总的来说，同样的神经网络，因为读图的不同，会导致结果完全不同，这点要注意

4、同样的流程对png图片进行处理

imgpath='b.png'
def readimg_png(imgpath):

    print("==============================PIL=========================================")

    #PIL

    pil_img = Image.open(imgpath)

    imgtype = type(pil_img)

    shape = pil_img.size

    mode = pil_img.mode

    np_pil_img = np.array(pil_img)

    npimgshape=np_pil_img.shape

    print(f"format:{pil_img.format} type:{imgtype} shape:{shape} mode:{mode} npshape:{npimgshape} dtype:{np_pil_img.dtype}")

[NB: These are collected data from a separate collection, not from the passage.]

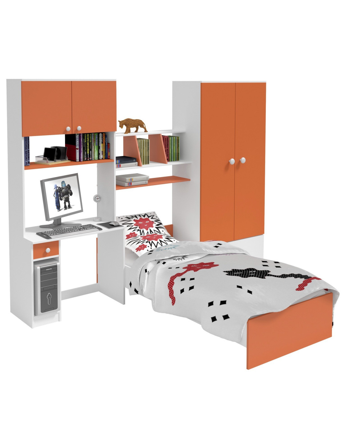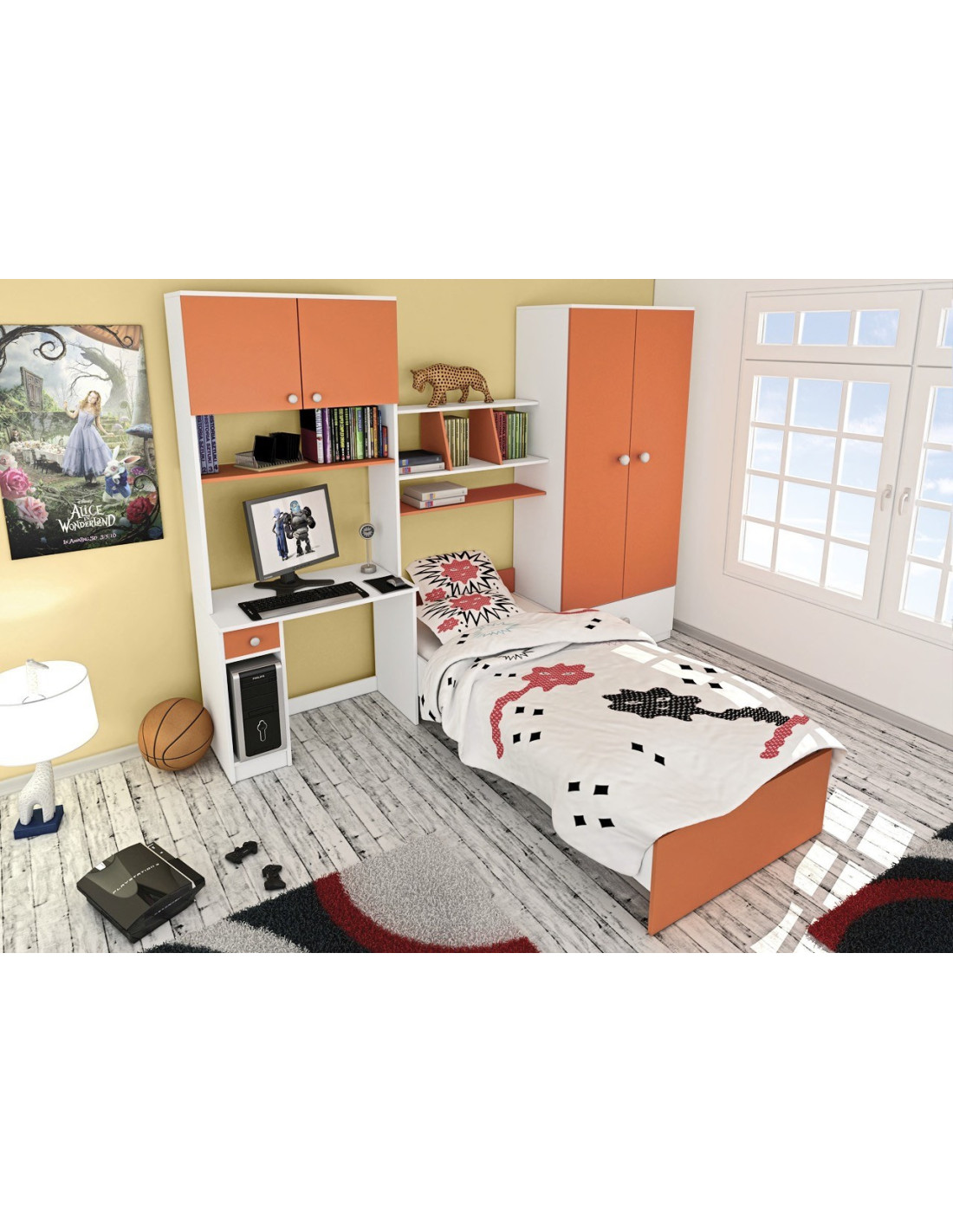 Moderna soba bijele boje s narančastim frontama, sastoji se od ormara s dvoja vrata i jednom ladicom, kreveta s površinom za spavanje od 90x200 cm i pisaćeg stola. Obogaćena je lijepo zamišljenim detaljima i funkcionalnim rješenjima, koji će omogućiti dovoljno prostora za odlaganje stvari.
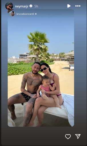 كما نشر النجم البرازيلي نيمار، عبر حسابه الرسمي على موقع تبادل الصور والفيديوهات "إنستجرام"، صورة له رفقة زوجته.
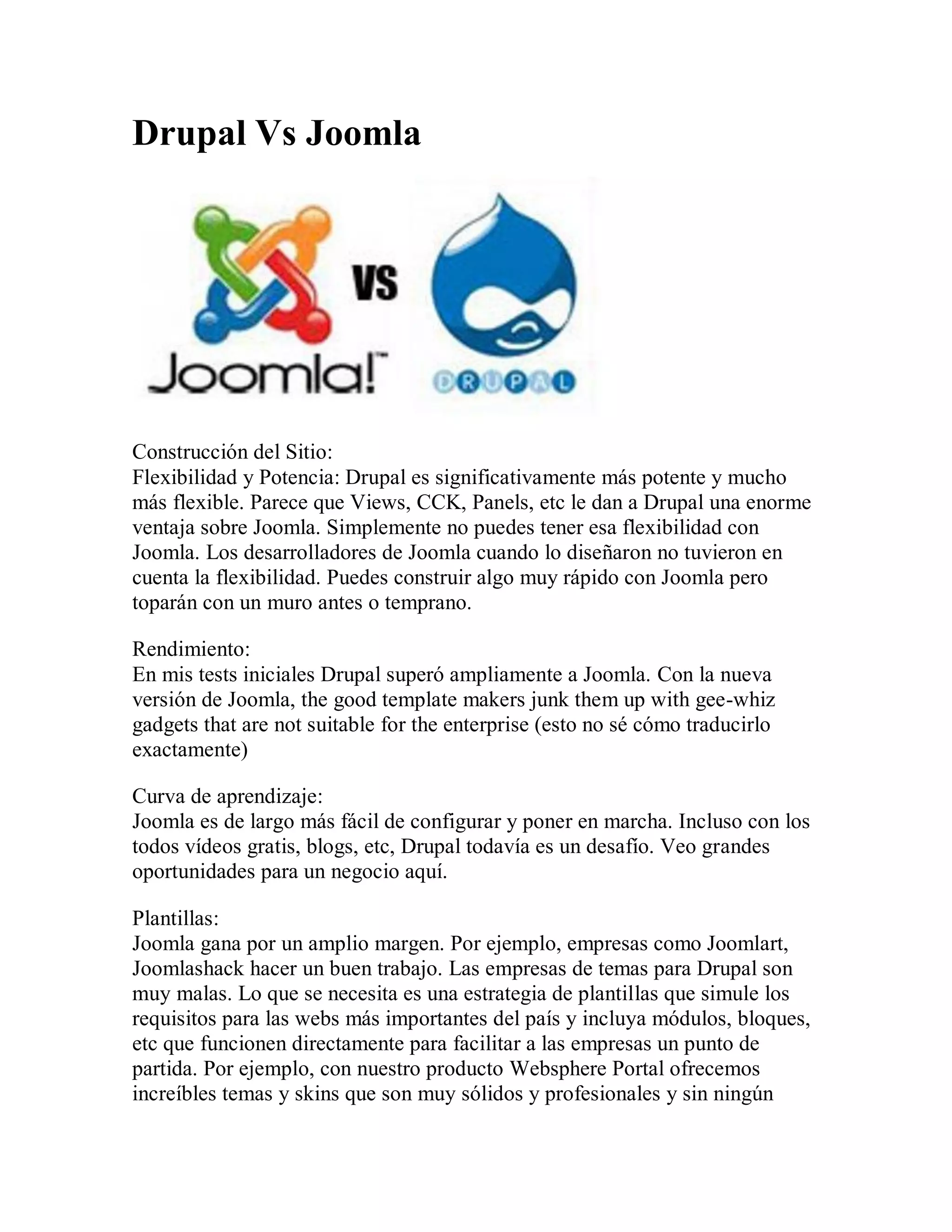 Drupal ofrece mayor flexibilidad y potencia que Joomla, pero también tiene una curva de aprendizaje más pronunciada. Joomla es más fácil de implementar y ofrece mejores plantillas, mientras que Drupal tiene mejores herramientas para la construcción y organización de contenido. Al final, Joomla es una mejor opción para sitios simples que necesiten implementarse rápido, mientras que Drupal es más adecuado para sitios más complejos y escalables.
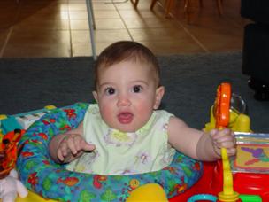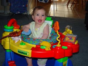 | One last shot with Mommy! | This is my exersaucer. I can stand in it for an hour! | |
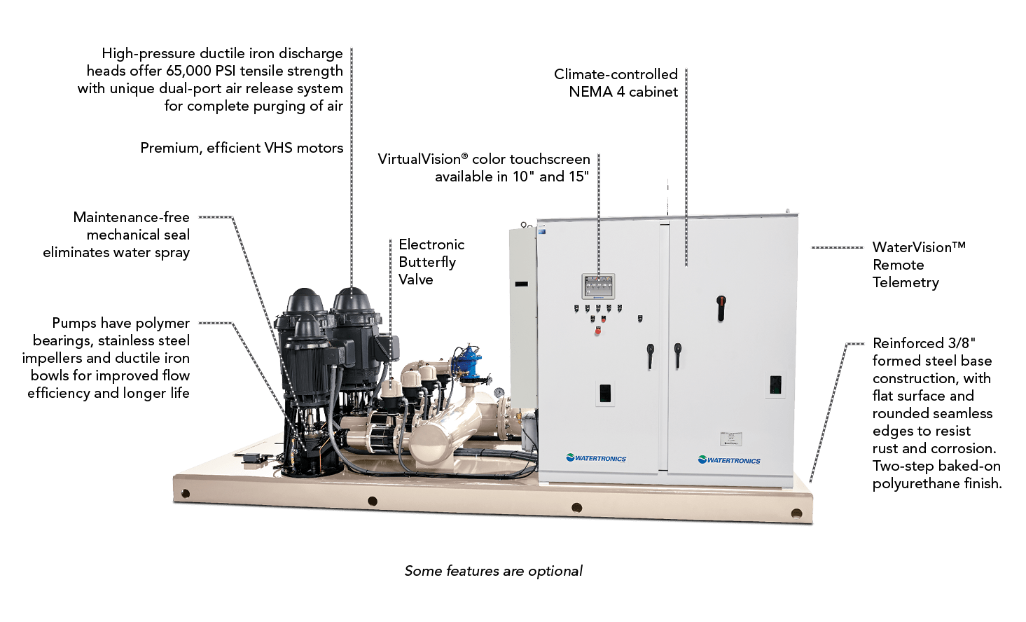 Ideal for pumping from reservoirs, rivers and wells, the vertical turbine (VT) system from Watertronics is a single-source solution that can meet virtually any pressure and flow requirement regardless of water lift or depth. Our advanced pump logic uses actual pump curve data to provide intelligent sequencing for optimal wire-to-water efficiency. Engineered for continuous operation in challenging environments, the VT is reliable, rugged, and long-lasting. Your pump station arrives pre-packaged and factory tested, ready for quick installation and start-up. With proven reliability and pumping efficiency, the VT offers a cost-effective solution and can be fully customized to meet your needs.
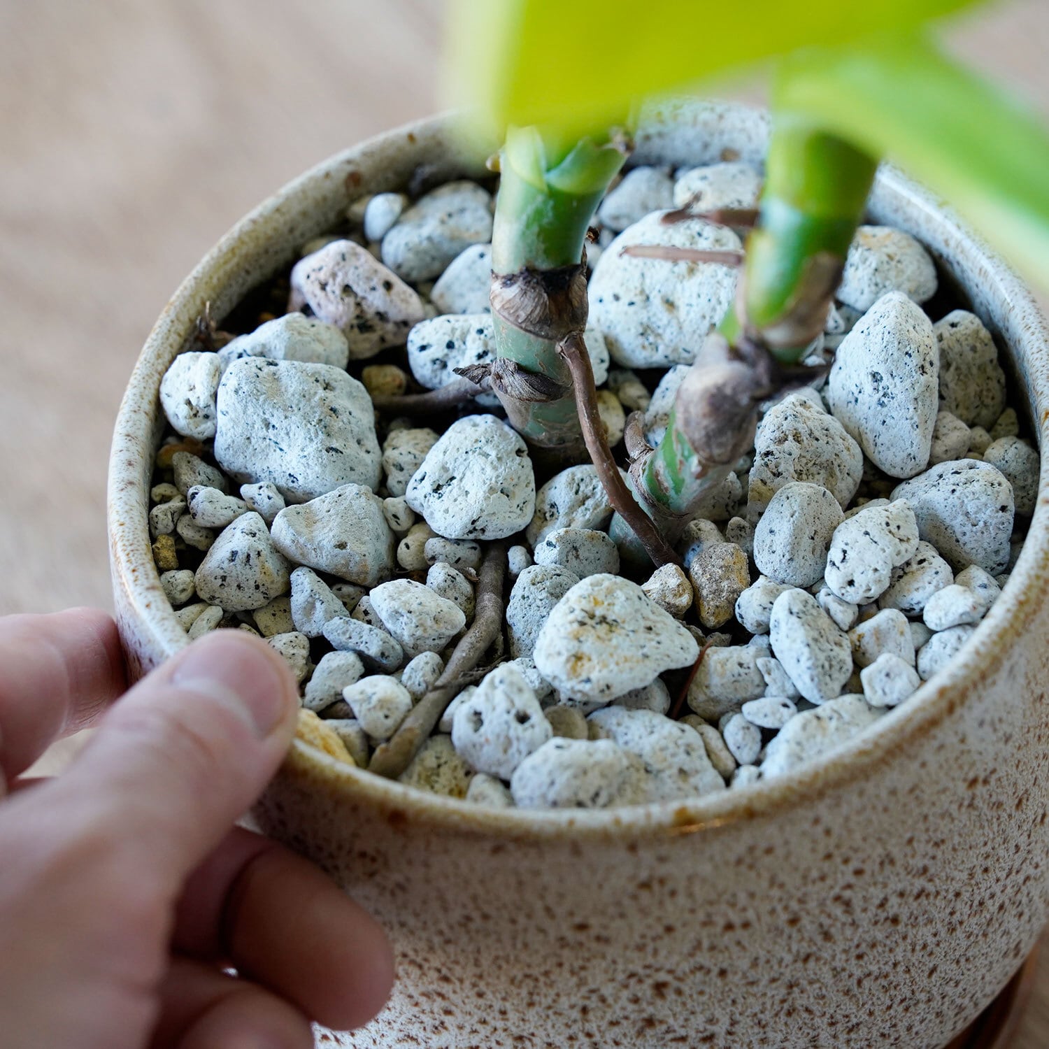 土の表面に敷いてる石を退けてみて、土がサラサラに乾いていたらたっぷりと水やり。毎日与える必要はありません。
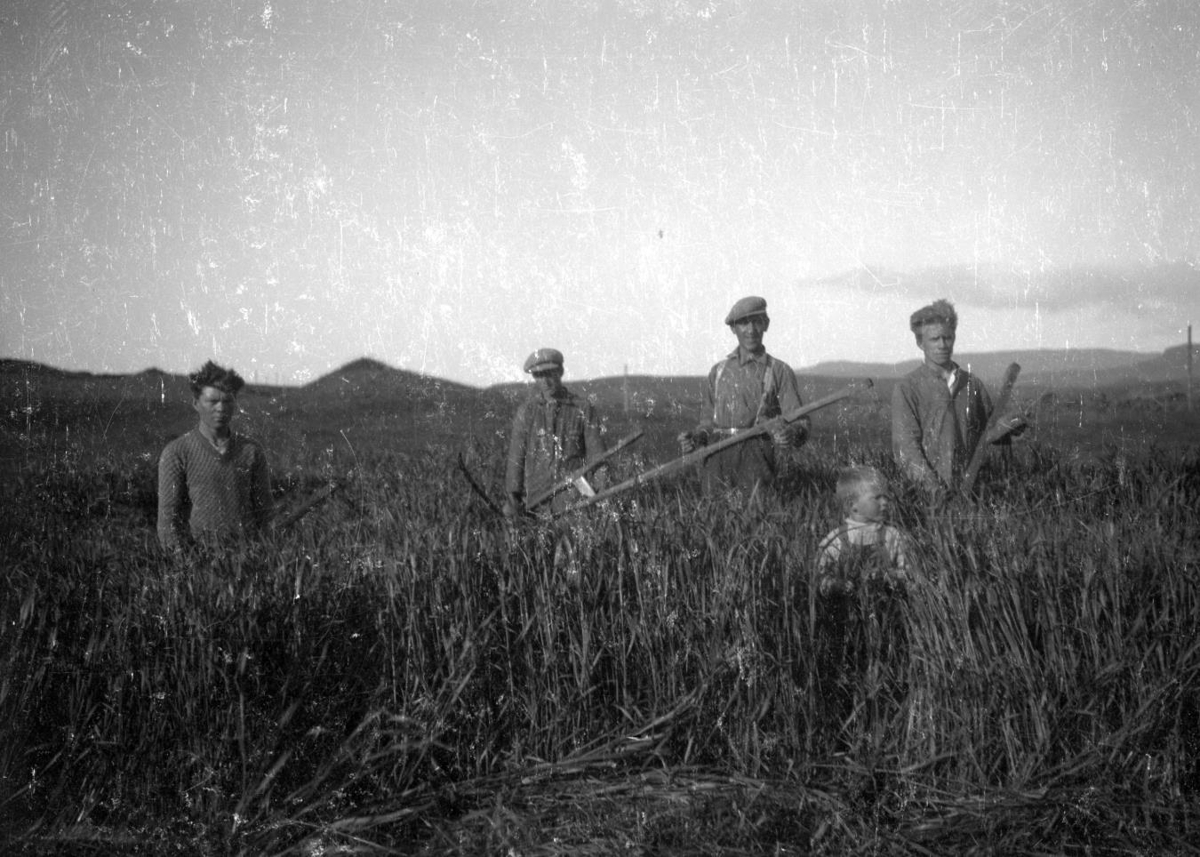 Sláttumenn á túninu í Hólmi í Landbroti. Valdimar Runólfsson er annar frá hægri. Litli drengurinn er að öllum líkindum Helgi Valdimarsson.
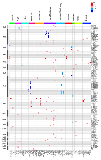 Overview of the long non-coding RNA (lncRNA) genes affected by focal somatic copy-number alterations (SCNAs) after extensive filtering. Red represents the copy number loss (log-ratio < 1.5) in that cell line, while blue corresponds to copy number gain (log-ratio > 1.5). Dark red and blue correspond to copy number changes with absolute log-ratios of above 2.5.
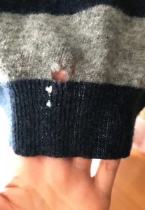この虫は”カツオブシムシ”の幼虫で、衣類にもつきます。
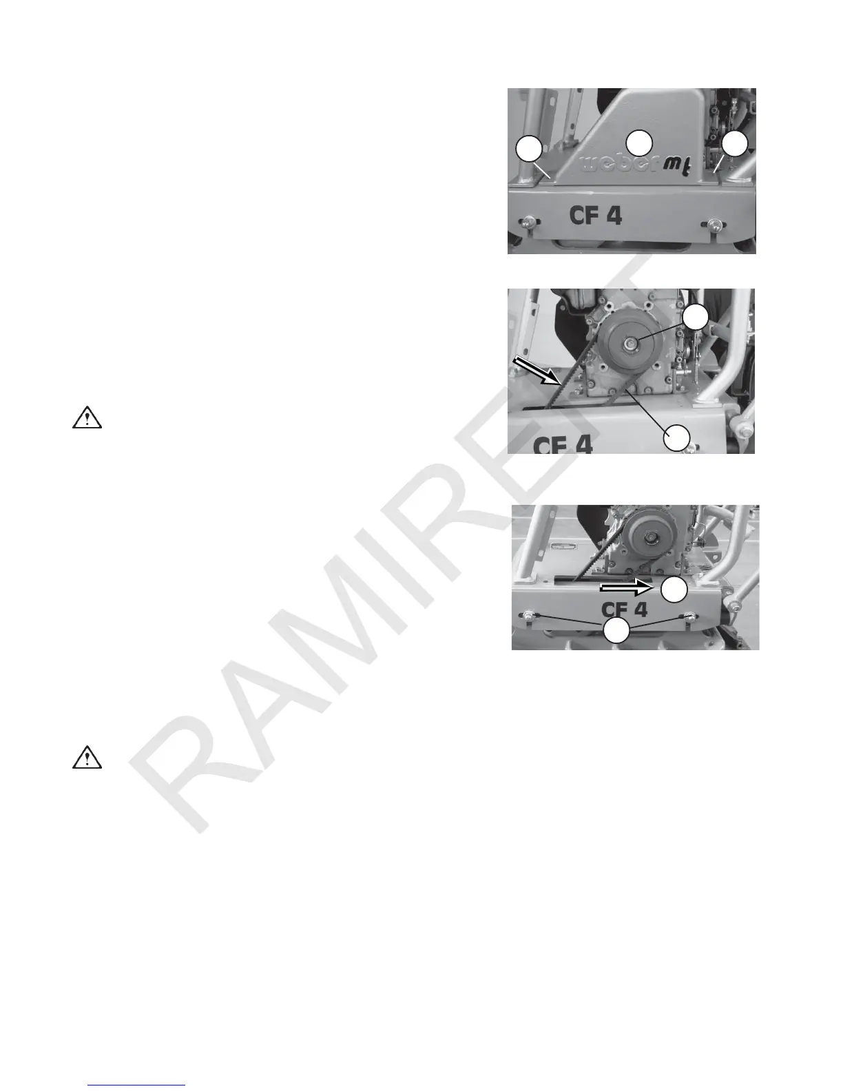 - Increase the V-belt's tension by means of the 4 fastening screws
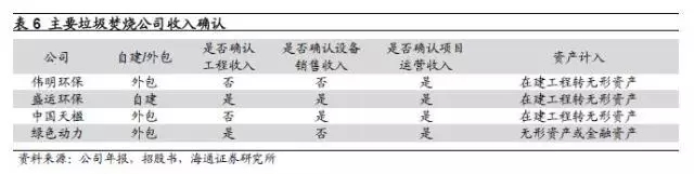 通常而言,對于垃圾焚燒BOT項目,如果公司自建,則會確認工程收入,如果將項目外包,則不確認工程收入。四家公司中,盛運環(huán)保項目主要為自建,并且確認工程收入,而偉明環(huán)保和中國天楹主要采取外包的方式,不確認工程收入。綠色動力有所不同,公司將項目發(fā)包給其他方,但考慮到其對項目負有整體履約責(zé)任并承擔所有費用和風(fēng)險,在項目建造階段確認相應(yīng)的建造收入,該等建造收入根據(jù)獨立評估師評定的公允價值計量。此外,盛運環(huán)保和中國天楹確認設(shè)備銷售收入,偉明環(huán)保與綠色動力則不確認,四家公司都確認項目運營收入。
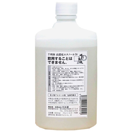 利休蔵 高濃度エタノール(ALC.78%) ノズル2本付 500ml/本 013419 1セット(2本)
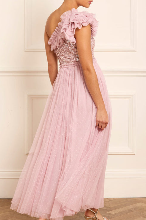 The Raindrop Bodice One Shoulder Ankle Gown in Sunflower. This bodice of this gown is beautifully adorned with an enchanting sequin artwork. The artwork is designed with delicate shimmering polka dot sequins in a linear formation capturing the essence of glistening raindrops. Designed with an off-the-shoulder style for elegant detailing. The skirt is made from layers of frothy tulle featuring statement frill details, creating a signature romantic look. The gown is perfect for a bridesmaid moment or an upcoming special event.
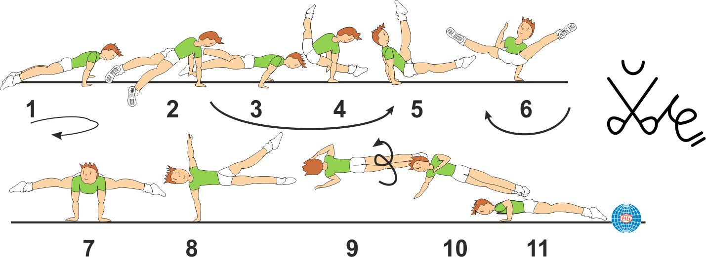 - Rotation of the body in support on the hands (one after the other) with a complete circle
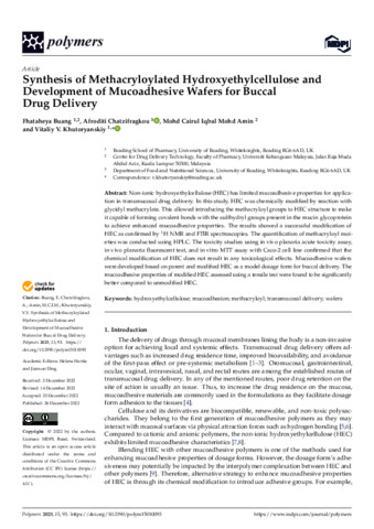 Synthesis of methacryloylated hydroxyethylcellulose and development of mucoadhesive wafers for buccal drug delivery.
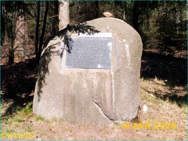 Auf einer Lichtung steht der Sorgenstein mit Gedenktafel auf der Position 32 U 5854667 5854667 der als Erinnerung an den Orkan Quimburga** vom 13. November 1972 der einen Schaden von 1,34Mrd DM bzw. ca. 2,2 Mrd Euro angerichtet hat und bei den in Norddeutschland bei Orkan selbst aber auch bei den Auträumarbeiten 73 Menschen um Leben kamen.
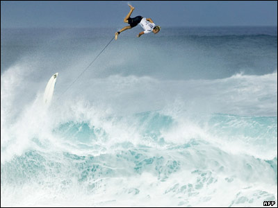 موج سواران پيش از برگزاری مسابقات قهرمانی ASP در سواحل اواهو در هاوايی به تمرين پرداختند. (تصويری از تمرين فلين نواک موج سوار اهل هاوايی)

    # plt.imshow(np_pil_img)

    print("==============================skimage=========================================")

    #skimage

    sk_img = io.imread(imgpath)

    print(f"type:{type(sk_img)} shape:{sk_img.shape} dtype:{sk_img.dtype}")

    # plt.imshow(sk_img)

    print("==============================opencv=========================================")

    #opencv

    cv_img = cv2.imread(imgpath,-1)

    cv_img = cv2.cvtColor(cv_img, cv2.COLOR_BGRA2RGBA)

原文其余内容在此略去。